Вера вспомнила о ней потому, что Рита Крепс жила именно в такой квартире, о которой мечтала Аня Чаплина. И это обстоятельство сейчас могло в корне изменить как жизнь самой Риты Крепс, так и Веры. Зачем, спрашивается, одинокой молодой женщине такая огромная «сталинка»? Продав свои хоромы и купив скромное жилье, пусть даже и в своем любимом центре, она получит огромную сумму денег – разницу в стоимости квартир, и сможет накупить себе тысячу альбомов, тонны масляных красок и гору бумаги и холста, не говоря уже о других милых сердцу женских вещицах. И Вера, прикинув, сколько же может стоить квартира Риты Крепс, записала в своем блокноте теперь уже ее номер телефона и адрес на тот случай, если в ближайшее время соберется навестить ее и затеять с ней разговор о продаже квартиры. Затем Вера обложилась газетами и стала изучать рынок недвижимости.

Она слышала, как по квартире ходит, гремя кастрюлями, Илья. Затем потянуло запахом жареного лука, и Вера поняла, что ее бывший муж немного поостыл и принялся готовить себе нехитрый обед. Она оглянулась, посмотрела на дверь, за которой жил теперь своей новой, страшной жизнью брошенного мужчины Илья, и тут взгляд ее упал на комод. Яркий солнечный луч выхватил запылившуюся хрустальную пудреницу, служившую вот уже много лет шкатулкой для украшений. Вера встала, подошла и открыла ее. Кольцо с большим изумрудом. Бабушкина реликвия, доставшаяся ей от ее матери. Интересно, сколько оно может стоить? Изумруд ведь дорогой…

Она, даже не дотронувшись до кольца, вернулась на место и дописала третьим пунктом в блокноте: «Скупка. Антиквары. Позвонить Марине». У Марины водятся большие деньги, почему бы ей не предложить это кольцо? Лишняя тысяча долларов не помешает…

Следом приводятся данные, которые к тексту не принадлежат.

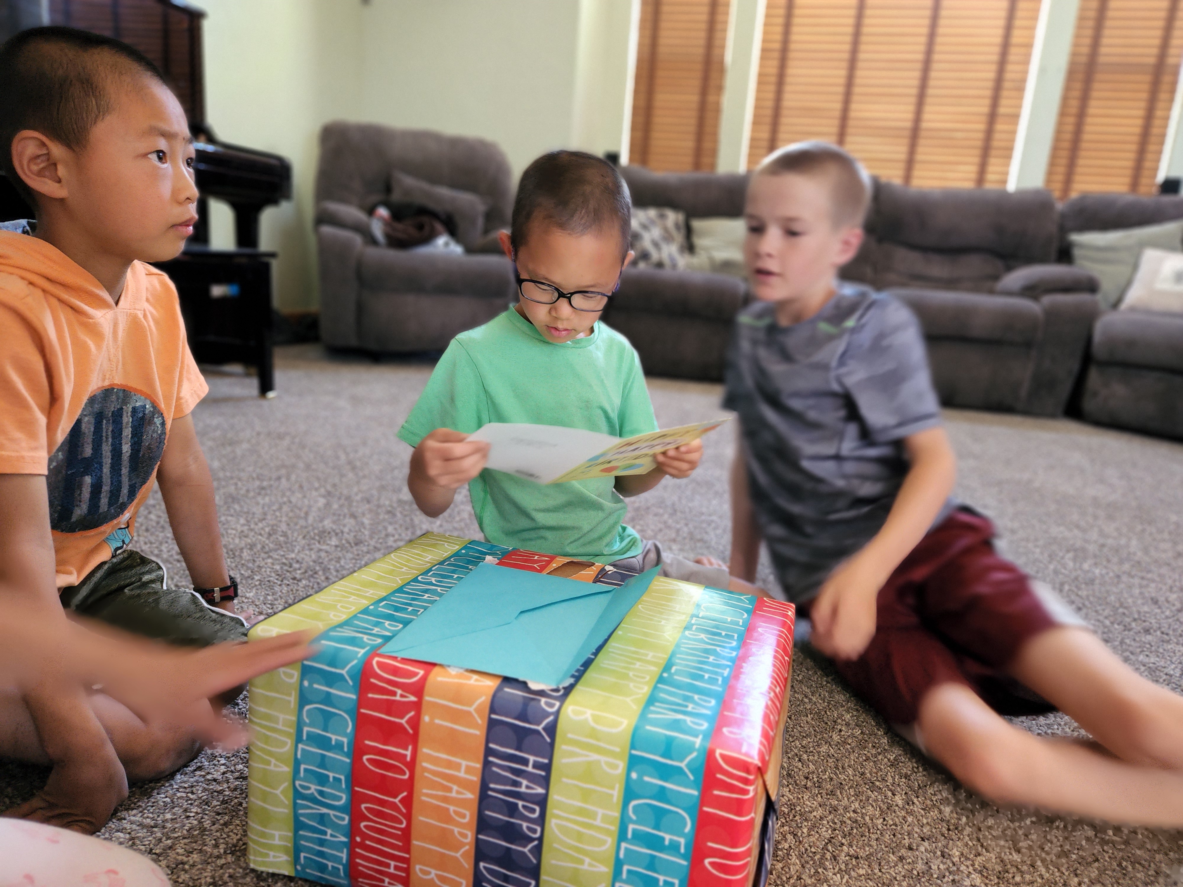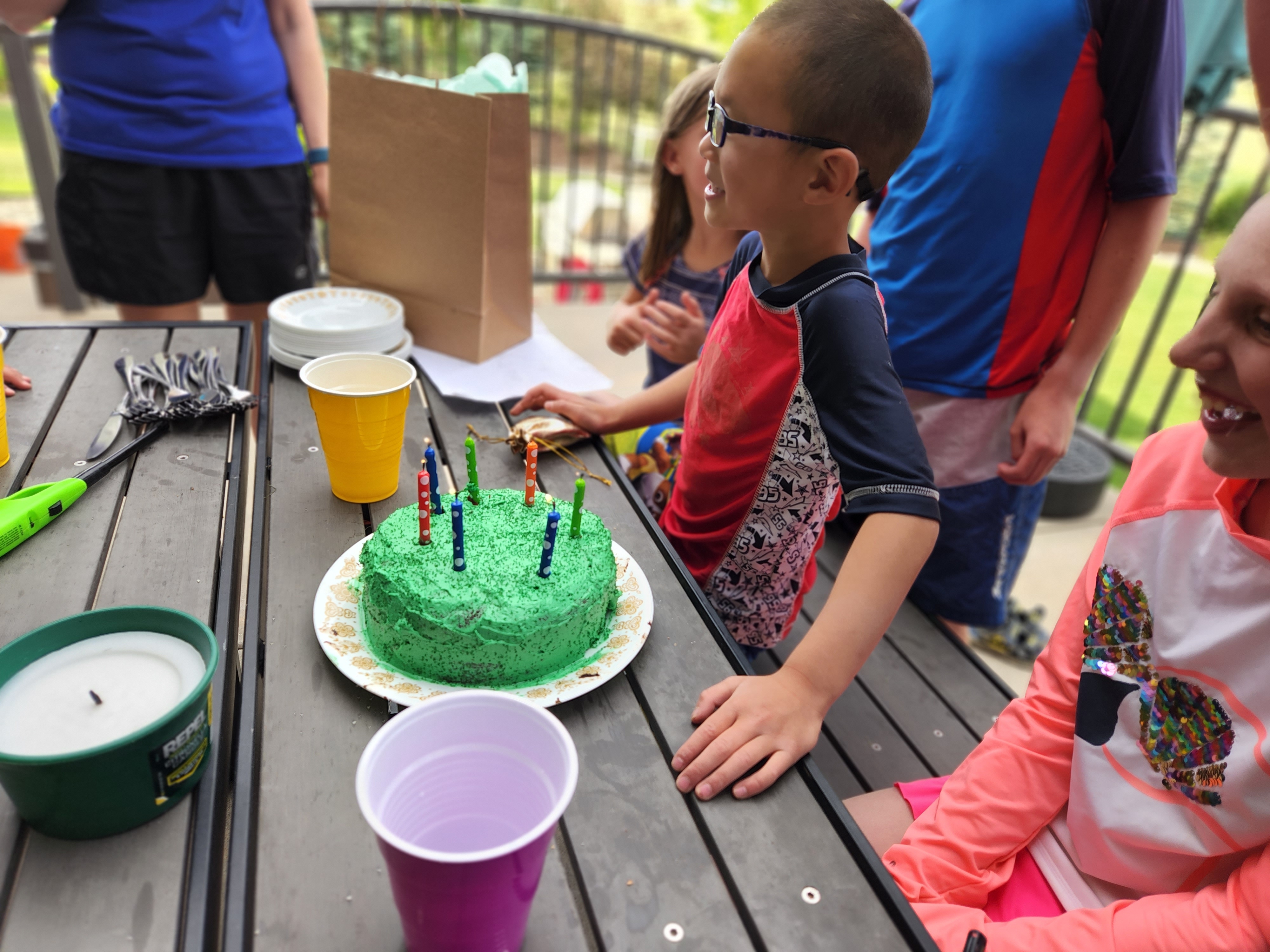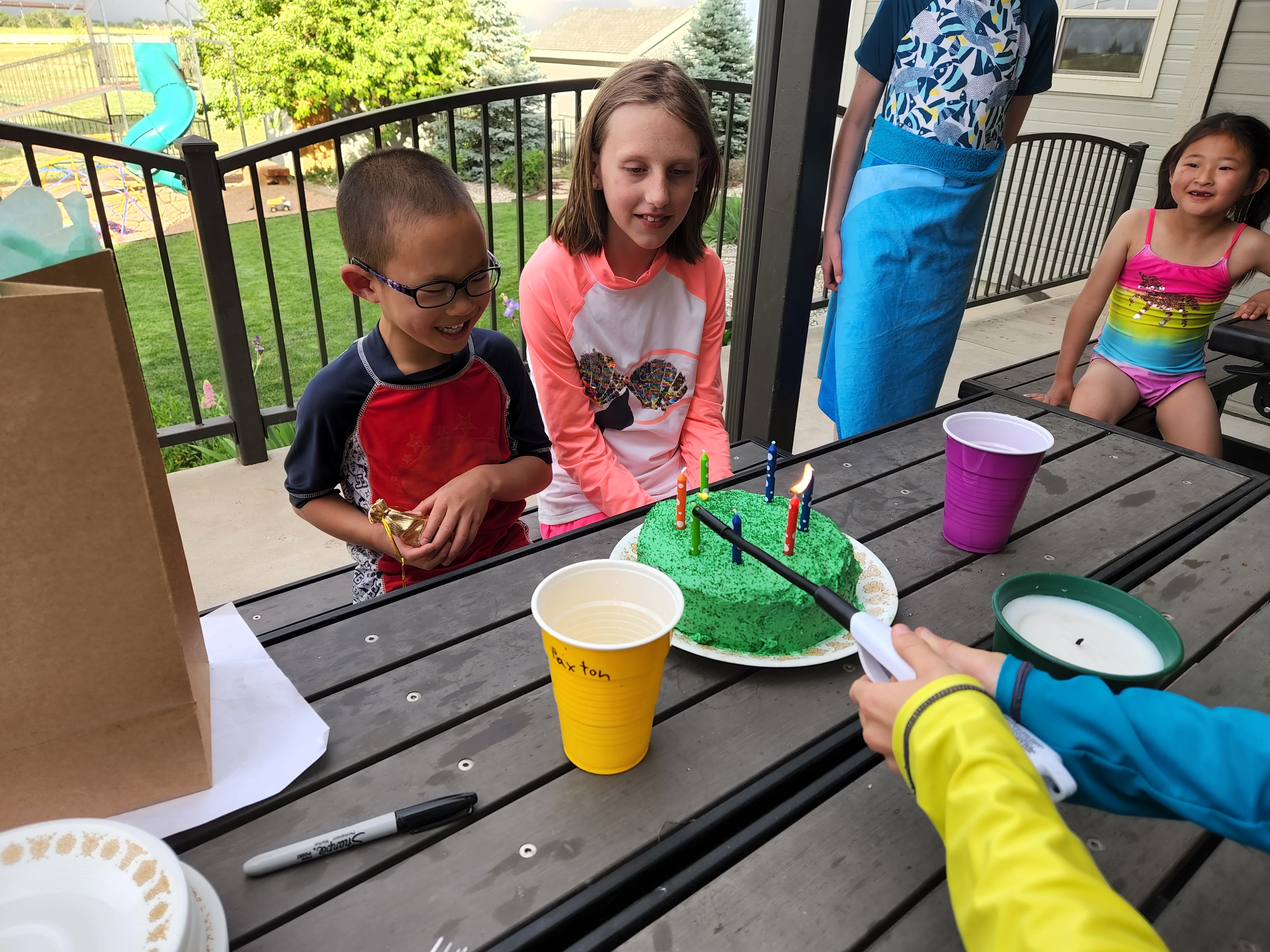Paxton turned 7 on the 10th and we celebrated in style.I think Paxton was born in the wrong century, he likes to wear top hats and ties and be “fancy”. He got some books and then a lego car from Clint’s parents and everyone in our in our family loves legos. After a park date with some friends we learned about EZY rollers and so he was very excited to get one of those and has been riding it around. My parents got him a top hat and a whole set of 18 ties and he has been wearing all of them at different times, even when he helped me make his cake. He had his favorite friends over for a pizza dinner and to play in the pool. They got him a fancy pocket watch so now he is very fancy. It was a great time celebrating him and he adds such character and fun to our family.

И тут вдруг стало пасмурно. За каких-то несколько минут солнце погасло, его заслонили облака или тучи, и комната сразу стала серой, еще более пыльной, неуютной. Вера вдруг подумала, что затея, связанная с Чаплиной, – полный идиотизм. Чушь собачья. Как я могла додуматься до такого? Да где я возьму столько денег, чтобы выкупить квартиру, а потом продать ее? Кто мне даст денег? Савельева? Да она скорее застрелится, чем поверит мне, что я ей верну эти бешеные деньги. Да и зачем ей это? Больше того, она сама пронюхает про эту квартиру Крепс и наложит на нее лапу… Да и сама Рита с ее надвигающимся психическим заболеванием не вправе будет оформлять сделку. У нее наверняка имеются опекуны в лице родителей…

Вера захлопнула и отодвинула от себя блокнот, встала, подошла к окну. Поднялся ветер. Теперь он гнал пыль по улице, стучался в окна. Что это, тоже знак? Но уж слишком зловещим показался ей этот знак, этот внезапный ветер.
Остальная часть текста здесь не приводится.